Sono d’accordo con te. L’obiezione di coscienza resta un caposaldo della nonviolenza. Prima ancora di fare del bene è importante non collaborare con il male, diceva il Mahatma Gandhi. I ragazzi russi e ucraini che rifiutano le armi (rischiando di persona, affrontando il carcere e il disprezzo), sono gli unici che si sottraggono alla guerra e prefigurano una via di pace. I mezzi di informazione di massa non ne parlano perché sanno che il loro esempio sarebbe contagioso (così come lo fu per molti ragazzi americani ai tempi del Vietnam). Ogni recluta può essere un obiettore di coscienza, ogni soldato un disertore. Dobbiamo aiutare e sostenere ogni singolo obiettore, dell’una e dell’altra parte: patrioti disarmati che non vogliono odiare la patria altrui.

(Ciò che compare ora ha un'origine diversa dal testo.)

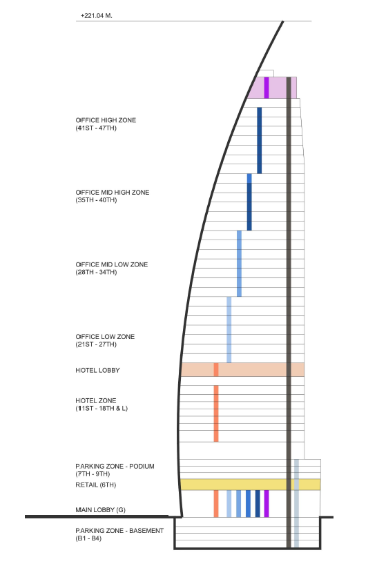 ลิฟต์ถูกแบ่งการใช้งานตามโซน ตั้งแต่ชั้นล่างถึงชั้นบน ทำให้ผู้ใช้งานสามารถขึ้นไปยังปลายทางได้โดยไม่ต้องหยุดรับ-ส่งผู้โดยสารในโซนอื่นๆ ช่วยลดระยะเวลารอคิวและเพิ่มประสิทธิภาพในการสัญจรภายในอาคาร
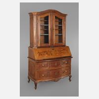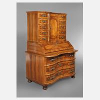 Mitte 18. Jh., Nussbaum massiv und auf Nadelholz furniert, Bandeinlegearbeiten in Zwetschge und Ahorn, dreiteiliger Korpus, das gedrungene dreischübige Kommodenunterteil mit zweifach gebauchter Front, mit originalen Beschlägen und Schlössern, darüber Schreibaufsatz mit Schrägklappe, innen mit Tapete und grünem Filz ausgeschlagen, der Aufsatz ebenfalls doppelt gebaucht mit zehn Schüben und einer Tür, innen nochmals zwei Schübe, alt restauriert, mit drei Schlüsseln, gering rest.bed., Maße 171 x 119 x 79 cm.
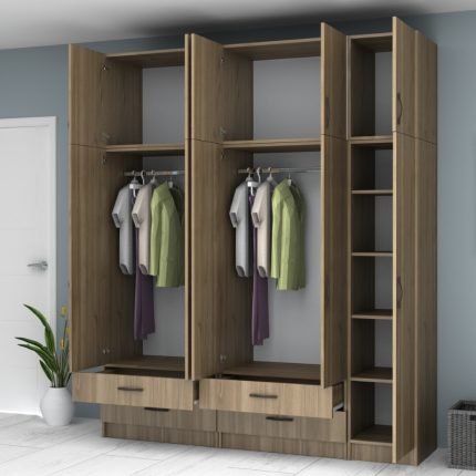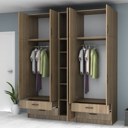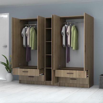 Original price was: 1.036,00 €.880,00 €Η τρέχουσα τιμή είναι: 880,00 €.Ντουλάπα ρούχων Ricardo Megapap εξάφυλλη με πατάρι και συρτάρια χρώμα καρυδί 240×51,8×240εκ.
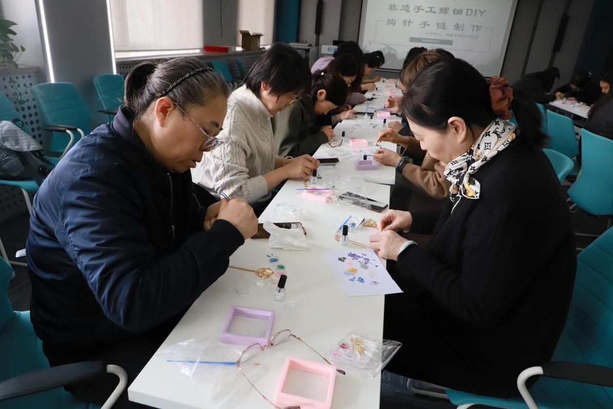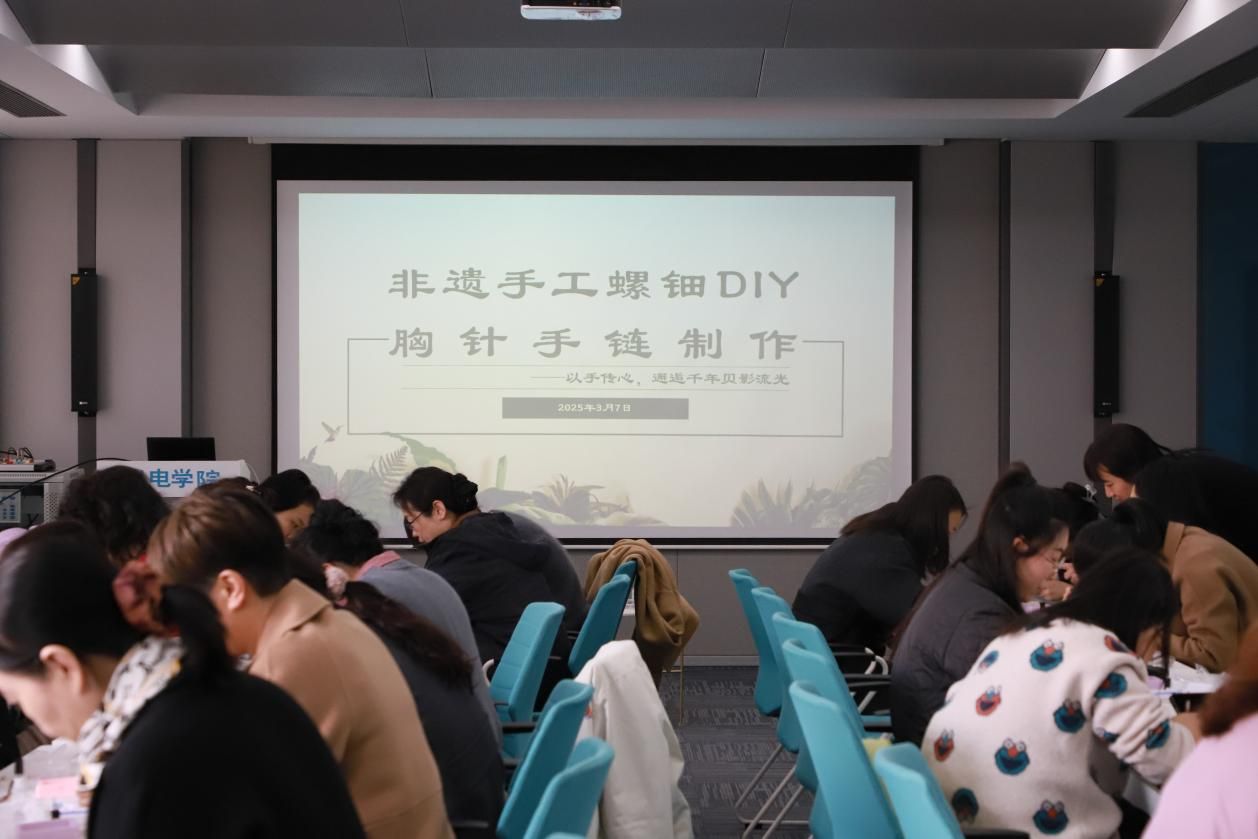 3月7日,开云kaiyun登录入口工会精心策划"以手传心,邂逅千年贝影流光"主题庆祝活动,为女教职工送上别样节日祝福。在B410教室内,30余名女教师化身"非遗传承人",认真制作螺钿胸针手链。

6) Quella fiscale contro le spese militari poterebbe essere una campagna di obiezione da rilanciare oggi? (ovviamente assumendosene le responsabilità, come succedeva prima del 1972 per il militare)

Purtroppo il sistema tributario odierno, con la tassazione alla fonte, non permette più una vera e propria obiezione fiscale alle spese militari, come si poteva fare con la Campagna che mettemmo in atto dal 1981 al 1998. Tuttavia nella nostra proposta di legge per la Difesa civile non armata e nonviolenta (sostenuta dalla campagna Un’altra difesa è possibile), è prevista la possibilità dell’opzione fiscale, cioè la possibilità per il cittadino contribuente di scegliere se finanziare la difesa armata o la difesa nonviolenta. Dobbiamo impegnarci affinché questa prospettiva diventi politicamente realizzabile.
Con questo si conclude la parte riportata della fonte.